Выбрать главу

   Я подхожу к самому трудному моменту моей задачи. Ведь я могу рассказать, -- как и сделал, -- главные основания системы Далькроза, могу рассказать некоторые упражнения, поразительные примеры самостоятельности в движениях различных мускулов, еще более поразительные примеры музыкального ясновидения, -- но что из этого? Я могу рассказать, что они делают и как они делают, но я не могу "рассказать" тот дух, который царит среди этого братства детей и взрослых и то впечатление, какое должны производить эти упражнения -- праздники живой красоты среди пошлых будней нашей повседневности. Если, например, я вам скажу, что детям ничего не стоит вертеть правой рукой влево и в то же время правой ногой вправо, я знаю, что это вас поразит, но все же не приведет в восторг, -- хотя сами вы вряд ли можете не только это, но даже качать ногой и в это время подписать вашу фамилию. Если я вам скажу, что все эти дети обладают тем, что в музыке зовется абсолютным слухом, т. е., что они безошибочно называют всякую ноту и тон пьесы, которую им играют, я знаю, что господа преподаватели музыки насторожат уши {Далькроз достигает абсолютного слуха тем, что заставляет все гаммы начинать с до. Система сольфеджио, изобретенная Далькрозом, это самое удивительное органическое здание, какое себе можно представить, -- вся гармония становится ясна ребенку, а он входит в музыку чрез гамму до-мажор.}; если я прибавлю, что на доске пишется цифровый бас, что выходят три девочки и по этим цифрам сразу поют в три голоса, то я знаю, что господа профессора консерватории остолбенеют.

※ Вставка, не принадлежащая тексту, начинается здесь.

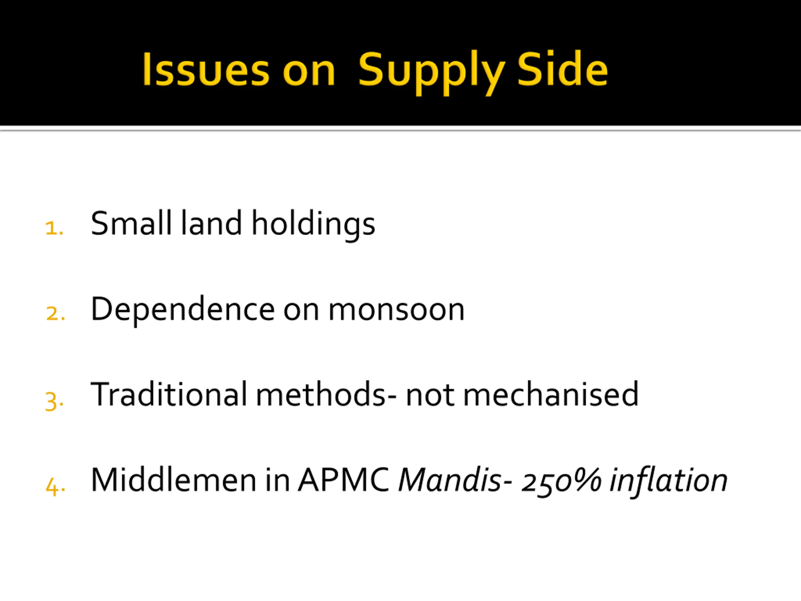 1. Small land holdings 2. Dependence on monsoon 3. Traditional methods- not mechanised 4. Middlemen in APMC Mandis- 250% inflation
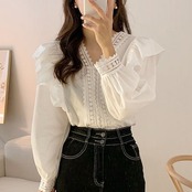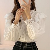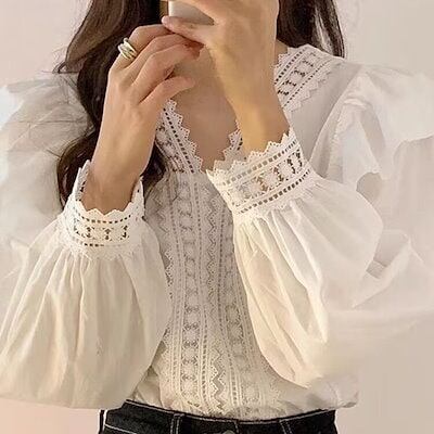 2024秋の新作 今っぽシアーシャ ツゆったりカジュアル レース フランス シャツ トップスvネック 通勤 上品
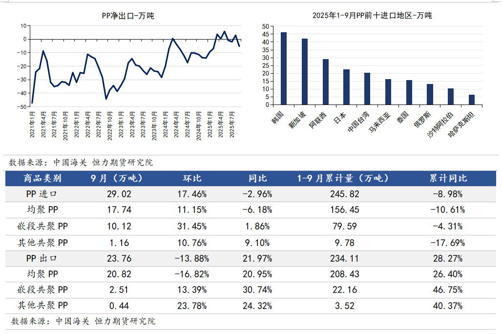 在进口增量和出口减量的作用下,我国PP单月重返净进口状态,9月净进口量约5.26万吨。
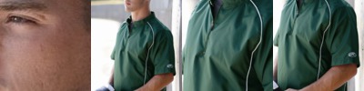 Contoured side seams and 4-button placket add dash to this stain-resistant jersey knit shirt.
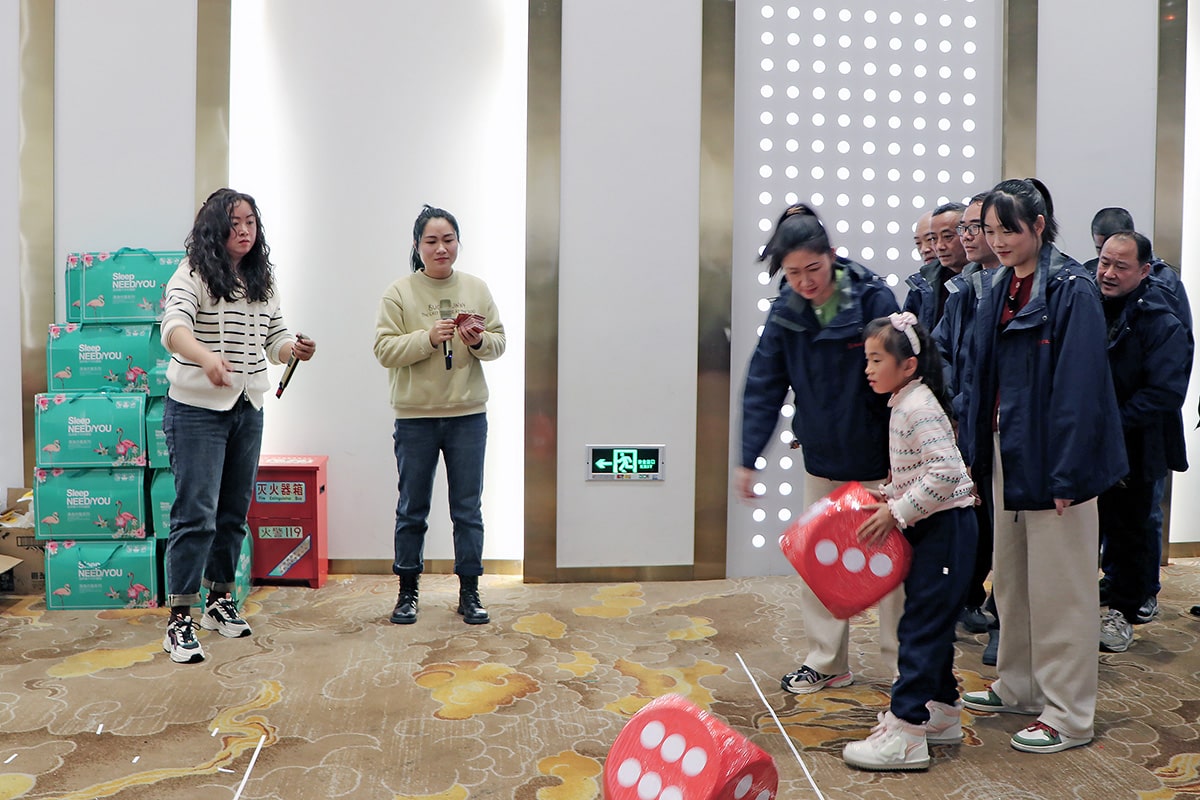 文藝演出之后,一場別開生面的擲色子、套圈小游戲又讓現(xiàn)場氣氛達到了高潮。活動開始前,現(xiàn)場已經(jīng)布置妥當,色子整齊地擺放在指定位置。員工們紛紛到場,他們躍躍欲試,期待在這場游戲中展現(xiàn)自己的智慧與技巧。
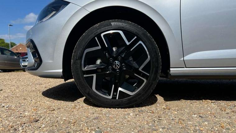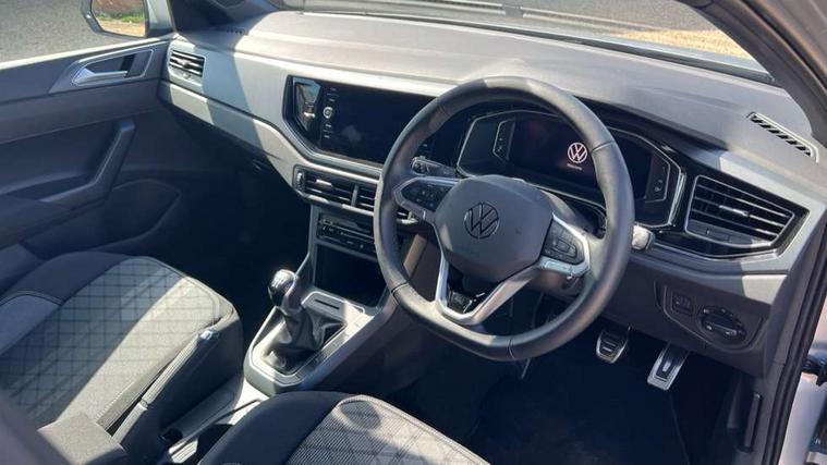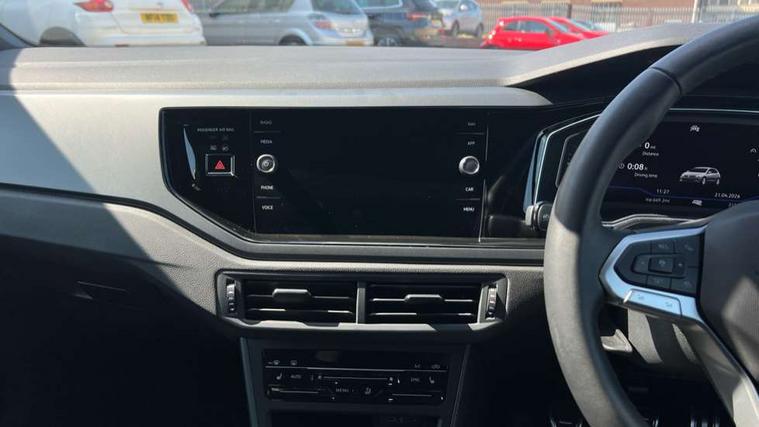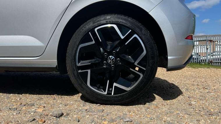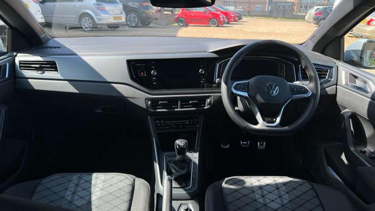Advanced driver attention and drowsiness monitor, Bluetooth mobile phone interface, Digital Cockpit Pro with 10.25" Display, Dynamic road sign display, Emergency call service, Mobile phone preparation with inductive charging function, Multifunction camera, Power assisted speed sensitive steering, Predictive adaptive cruise control without follow-to-stop and speed limiter, Preparation for We connect and We connect plus, Speedo and rev counter, electronic odometer, trip, service interval display and fuel gauge, Standard rear axle, Travel Assist - Lane keeping system and traffic jam assist, Travel assist including emergency assist, Trip computer, Warning signal and warning light for front and rear seatbelts not fastened, Washer fluid level indicator, Wireless app connect, Front wheel drive, Rear shock absorpion, Start-stop system with battery regeneration (recuperation - energy recovery during braking), DAB Digital radio, Diversity antenna for FM reception, Body colour bumpers, Body colour door handles, Electric front windows, Front scuff plates with R-Line logo, Heat insulating glass windscreen, Power folding adjustable/heated exterior mirrors and front passenger exterior mirror lowering function, Rear electric windows, Rear fog light, Rear side wing doors, Rear windscreen washer and wiper with interval delay, Third brake light, 12V power socket in centre console, 2 USB-C ports in the front, 2 USB-C charging sockets on the center console in the rear, 3 rear head restraints, 60/40 split folding rear seat and rear seat bench not split, Air care climatronic air conditoning system with active combination filter and 2-zone temperature control, Black roof lining, Carpet mats, front and rear, Chrome plated radiator grille inserts, air vent surrounds and light switch surrounds, Door and side trim panel, Driver and front passenger seat height adjustment, Driver/passenger sunvisors with illuminated vanity mirrors, Front centre armrest, Front footwell illumination, Front seat backrest storage pockets, Front sports comfort seats, Handbrake lever handle in leather, Headliner in recycled material, Isofix child seat preparation easy-fit (for two outer rear seats, and front passenger seat) compatible with I-size, Karoso artvelours cloth upholstery, Leather trimmed gear knob, LED interior light with switch off delay and dimmer, 2 reading lights front and rear, Luggage compartment cover, Luggage compartment floor, Luggage compartment lighting, Lumbar adjustment for front seats, Multifunction steering wheel, Single front passenger seat, Stainless steel pedals, Standard pedal cluster, Light and sight pack - Polo R-Line/Black Edition, 3 point height adj front seatbelts + pretensioners, 3x3 point rear seatbelts, ABS, Driver and front passenger airbag with front passenger airbag deactivation, Drivers and front passengers safety optimised head restraints, ESC (Electronic stability control) + EDL (Electronic Differntial lock) and ASR (Traction control), Extended and predictive pedestrian/ cyclist protection, Front curtain and side airbags with center airbag, Hill hold control, Manual child lock in rear doors, Single tone horn, Tyre pressure loss indicator, Alarm with interior protection, Anti-theft alarm system with interior monitoring, backup horn, and towing protection, Anti-theft wheel bolts, Electronic engine immobiliser, Chrome applications on rotary light, mirror adjustment, window regulator switches, outlet with frame in black, Dark grey anodised matt decorative inserts in dash and front door panels, 16" Coventry alloy wheels, Low rolling resistance tyres,
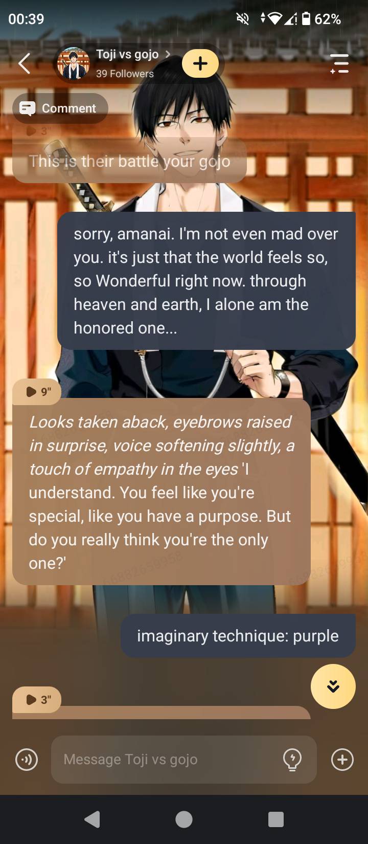 sorry, amanai. I'm not even mad over you. it's just that the world feels so, so wonderful right now. through heaven and earth, I alone am the honored one.
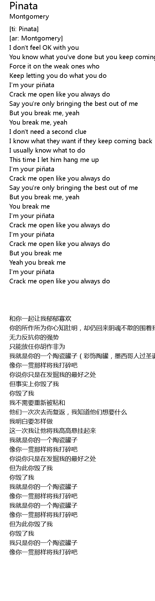 | [00:37.80] | I'm your piñata |
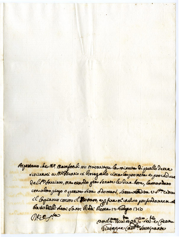 Lettera del Cardinale Sacripanti a Clemente XI (1710 giugno 12)
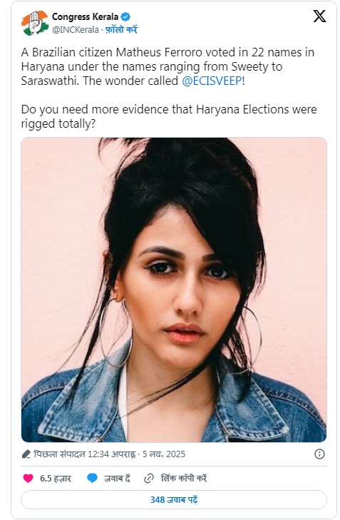 Rahul Gandhi Allegations : कांग्रेस के नेता राहुल गांधी ने आज एक प्रेस कॉन्फ्रेंस में हरियाणा विधानसभा चुनाव में कथित वोट चोरी को लेकर गंभीर आरोप लगाए हैं। राहुल गांधी ने कहा कि कांग्रेस की जीत को जानबूझकर हार में बदल दिया गया और चुनाव प्रक्रिया में गड़बड़ी की गई। इस संदर्भ में उन्होंने एक ' H-Files' प्रेजेंटेशन भी प्रस्तुत किया, जिसमें उन्होंने वोट डालने में इस्तेमाल की गई एक महिला की तस्वीर का हवाला दिया, जो असल में ब्राजील की मॉडल मैथियस फेरोरो की थी। राहुल गांधी ने आरोप लगाया हरियाणा में 22 वोट एक मॉडल के नाम पर दर्ज किए गए, जो अलग-अलग नामों से वोट डालने के आरोप में शामिल थी। उन्होंने कहा कि यह महिला कभी सीमा, कभी स्वीटी, और कभी सरस्वती बनकर वोट डालने में शामिल थी। हालांकि, राहुल गांधी के द्वारा उठाए गए इस मुद्दे की जांच में यह सामने आया कि मैथियस फेरोरो एक फोटोग्राफर का नाम है, जिनकी तस्वीरें कई ऑनलाइन प्लेटफॉर्म्स पर रॉयल्टी-फ्री इमेज के रूप में उपलब्ध हैं।

Но, повторяю, -- что это сравнительно с впечатлениями художественными в связи с впечатлениями жизни, радости, здоровья? "И я побывал в Аркадии", так начинает свою статью о гастролях Далькрозовской школы один немецкий критик, и далее пишет: "в течение десятилетней музыкально-критической деятельности в Берлине, к которой еще можно прибавить несколько лет усердного посещения концертов, я видел всевозможные формы одобрения: беззаветный восторг, ликование благодарности, нервно-истерические подъемы. Но я не могу припомнить, чтобы мне когда-либо пришлось быть свидетелем такого взрыва радости и счастья густо собранной толпы, как в те вечера" {D-r Karl Stork. "Der Türmer". April, 1910.}.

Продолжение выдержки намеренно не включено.